### Work request
Within the records below, find the line with "ただオトシン水槽は少しでも水" and the line with "屋外制作中に話しかけてくれた", then reproduce exactly those two lines and all lines between them, without any picture.

+++ Available records

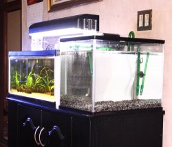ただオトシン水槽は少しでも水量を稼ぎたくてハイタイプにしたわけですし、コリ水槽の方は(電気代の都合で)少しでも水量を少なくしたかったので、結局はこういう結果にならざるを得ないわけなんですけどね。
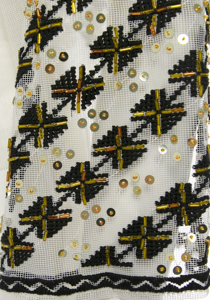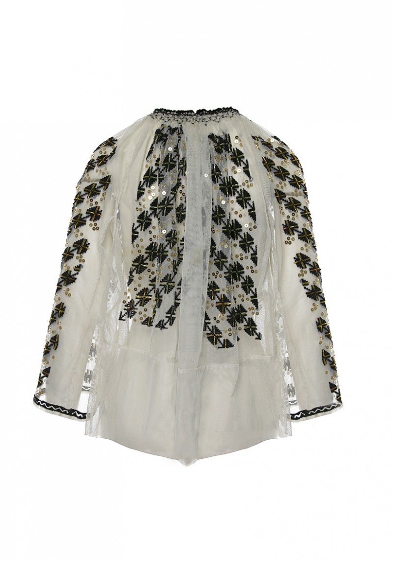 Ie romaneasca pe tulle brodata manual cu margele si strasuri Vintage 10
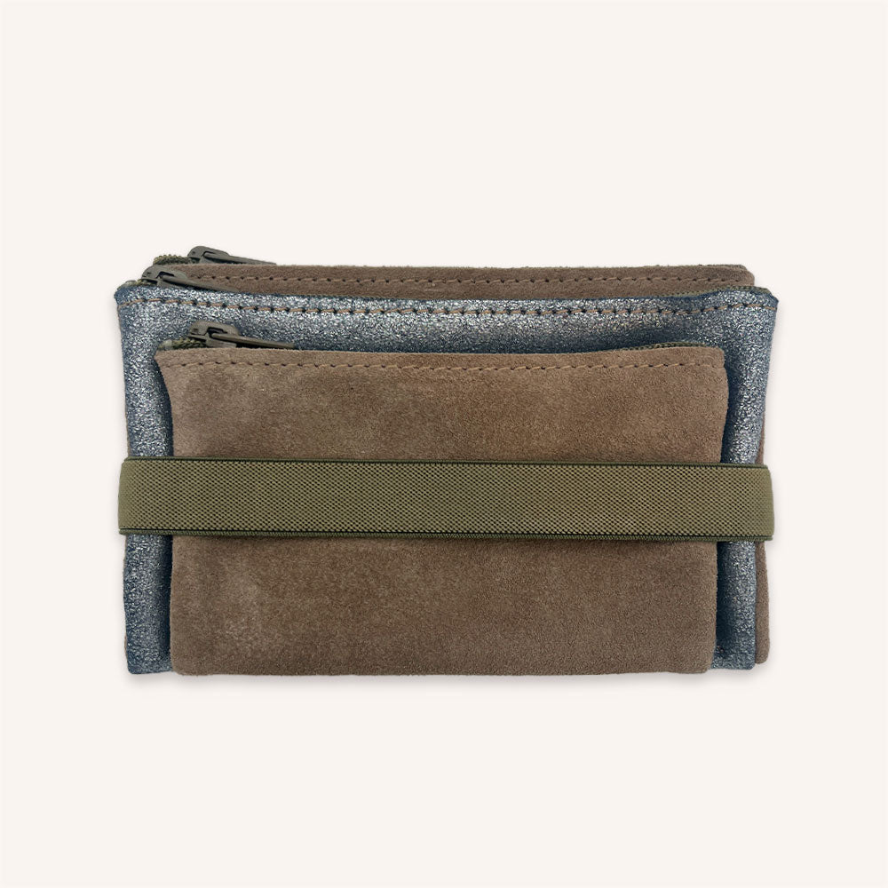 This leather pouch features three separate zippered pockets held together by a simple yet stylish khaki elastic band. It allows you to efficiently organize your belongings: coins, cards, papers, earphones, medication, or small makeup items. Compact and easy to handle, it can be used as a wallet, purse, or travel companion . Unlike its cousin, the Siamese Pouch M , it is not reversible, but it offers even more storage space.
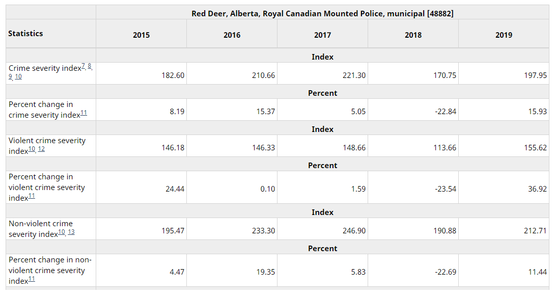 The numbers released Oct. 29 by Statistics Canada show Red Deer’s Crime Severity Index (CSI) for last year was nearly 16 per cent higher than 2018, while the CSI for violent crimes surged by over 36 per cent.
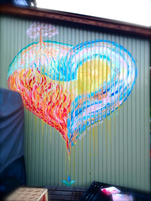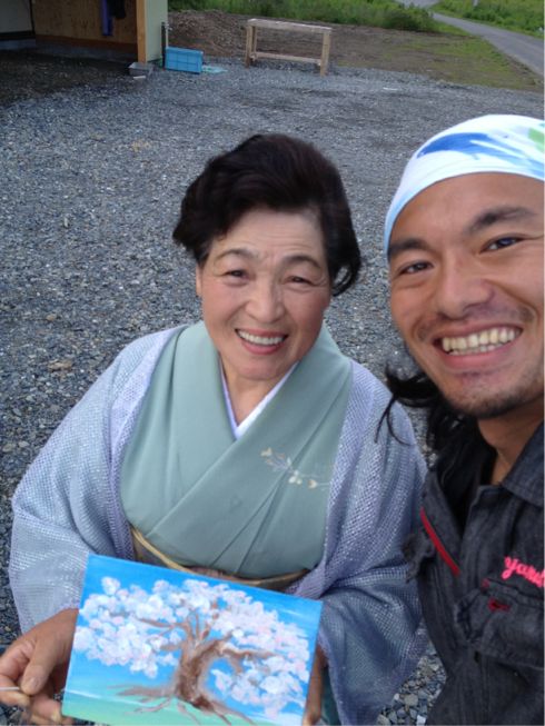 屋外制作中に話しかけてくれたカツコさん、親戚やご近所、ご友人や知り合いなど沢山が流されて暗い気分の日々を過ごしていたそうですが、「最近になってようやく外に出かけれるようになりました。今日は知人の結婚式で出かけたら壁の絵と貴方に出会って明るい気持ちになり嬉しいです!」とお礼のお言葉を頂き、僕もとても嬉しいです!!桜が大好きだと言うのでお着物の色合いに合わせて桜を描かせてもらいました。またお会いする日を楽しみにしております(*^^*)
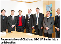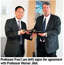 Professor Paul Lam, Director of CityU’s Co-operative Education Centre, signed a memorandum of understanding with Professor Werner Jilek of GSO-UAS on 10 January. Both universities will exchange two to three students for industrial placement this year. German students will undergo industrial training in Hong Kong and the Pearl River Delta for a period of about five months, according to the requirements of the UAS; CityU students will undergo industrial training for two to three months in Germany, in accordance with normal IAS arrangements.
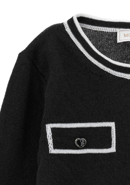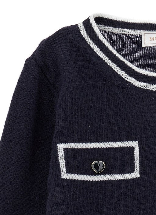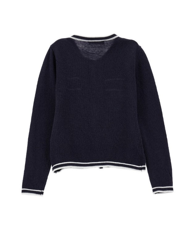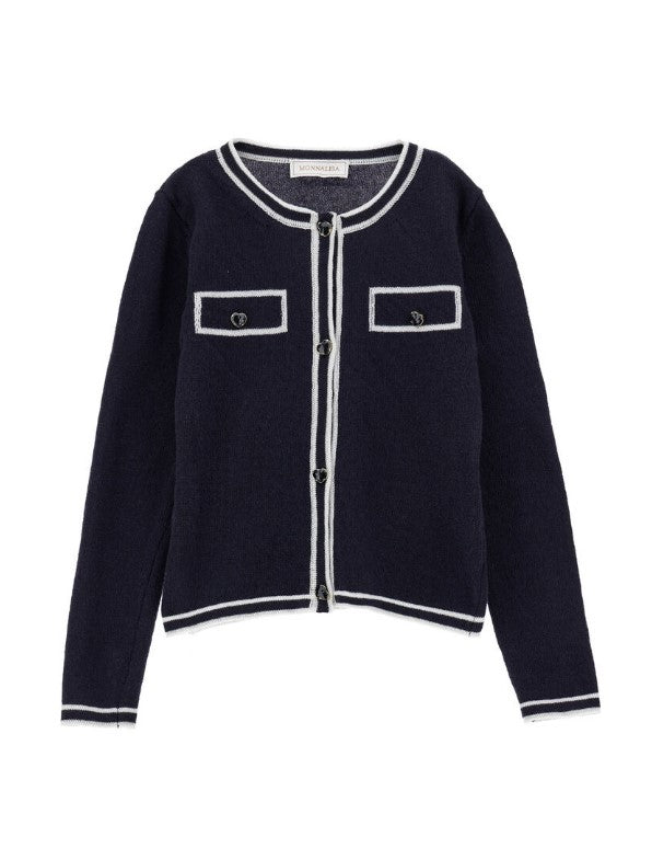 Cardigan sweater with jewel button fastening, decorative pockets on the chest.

++++++
+++ Available records

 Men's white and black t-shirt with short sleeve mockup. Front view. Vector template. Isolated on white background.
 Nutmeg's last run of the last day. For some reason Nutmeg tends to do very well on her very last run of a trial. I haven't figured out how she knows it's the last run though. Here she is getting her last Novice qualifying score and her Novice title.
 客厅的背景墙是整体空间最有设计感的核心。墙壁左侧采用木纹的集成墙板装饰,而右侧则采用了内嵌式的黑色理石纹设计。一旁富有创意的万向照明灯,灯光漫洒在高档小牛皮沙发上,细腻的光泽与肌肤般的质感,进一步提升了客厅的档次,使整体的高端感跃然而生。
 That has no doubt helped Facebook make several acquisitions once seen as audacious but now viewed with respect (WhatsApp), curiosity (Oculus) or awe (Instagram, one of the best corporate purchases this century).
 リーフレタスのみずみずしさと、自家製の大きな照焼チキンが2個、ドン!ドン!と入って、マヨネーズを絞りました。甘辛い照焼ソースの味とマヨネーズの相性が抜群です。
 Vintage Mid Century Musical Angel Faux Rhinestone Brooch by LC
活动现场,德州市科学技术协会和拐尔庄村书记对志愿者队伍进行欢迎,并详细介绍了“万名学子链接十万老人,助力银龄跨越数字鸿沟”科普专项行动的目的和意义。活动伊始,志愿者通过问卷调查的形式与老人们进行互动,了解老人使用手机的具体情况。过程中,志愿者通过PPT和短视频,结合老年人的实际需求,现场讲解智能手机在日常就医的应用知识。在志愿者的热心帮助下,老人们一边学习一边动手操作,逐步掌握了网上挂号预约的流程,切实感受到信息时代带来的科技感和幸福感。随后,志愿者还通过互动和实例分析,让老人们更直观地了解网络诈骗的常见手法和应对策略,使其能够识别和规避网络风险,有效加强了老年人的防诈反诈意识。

++++++
+++ Available records

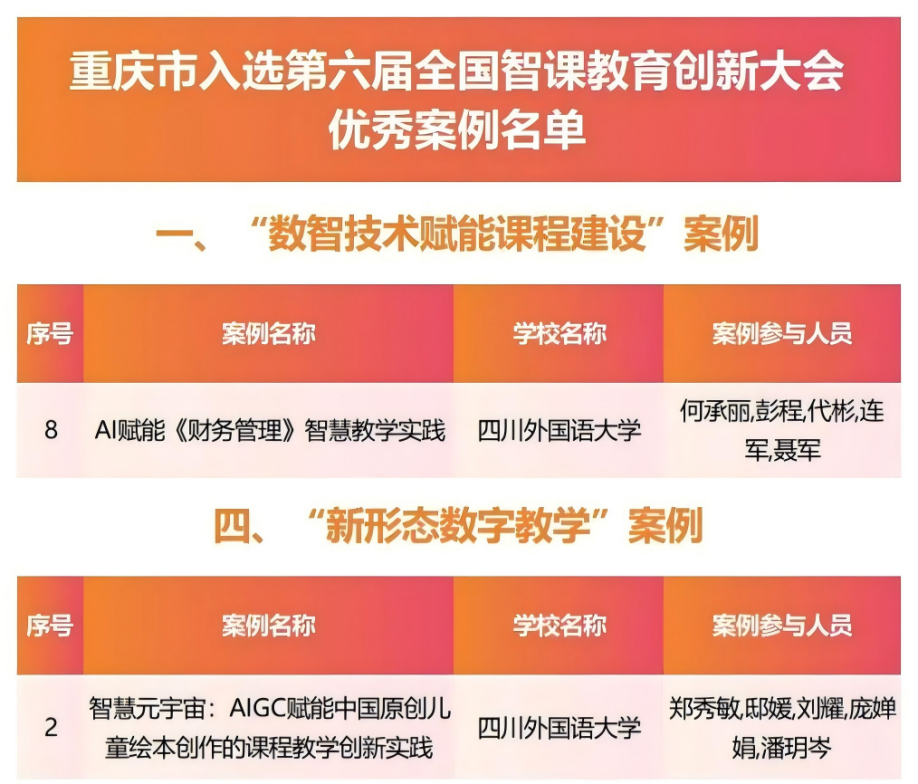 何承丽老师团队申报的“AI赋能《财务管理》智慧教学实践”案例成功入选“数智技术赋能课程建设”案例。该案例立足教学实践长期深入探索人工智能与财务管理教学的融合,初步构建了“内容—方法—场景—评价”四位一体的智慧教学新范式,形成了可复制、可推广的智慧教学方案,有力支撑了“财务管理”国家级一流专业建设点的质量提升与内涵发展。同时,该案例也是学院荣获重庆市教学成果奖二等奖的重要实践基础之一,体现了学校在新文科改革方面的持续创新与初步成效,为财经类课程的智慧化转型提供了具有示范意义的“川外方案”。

++++++

### The answer
ただオトシン水槽は少しでも水量を稼ぎたくてハイタイプにしたわけですし、コリ水槽の方は(電気代の都合で)少しでも水量を少なくしたかったので、結局はこういう結果にならざるを得ないわけなんですけどね。
 Ie romaneasca pe tulle brodata manual cu margele si strasuri Vintage 10
 This leather pouch features three separate zippered pockets held together by a simple yet stylish khaki elastic band. It allows you to efficiently organize your belongings: coins, cards, papers, earphones, medication, or small makeup items. Compact and easy to handle, it can be used as a wallet, purse, or travel companion . Unlike its cousin, the Siamese Pouch M , it is not reversible, but it offers even more storage space.
 The numbers released Oct. 29 by Statistics Canada show Red Deer’s Crime Severity Index (CSI) for last year was nearly 16 per cent higher than 2018, while the CSI for violent crimes surged by over 36 per cent.
 屋外制作中に話しかけてくれたカツコさん、親戚やご近所、ご友人や知り合いなど沢山が流されて暗い気分の日々を過ごしていたそうですが、「最近になってようやく外に出かけれるようになりました。今日は知人の結婚式で出かけたら壁の絵と貴方に出会って明るい気持ちになり嬉しいです!」とお礼のお言葉を頂き、僕もとても嬉しいです!!桜が大好きだと言うのでお着物の色合いに合わせて桜を描かせてもらいました。またお会いする日を楽しみにしております(*^^*)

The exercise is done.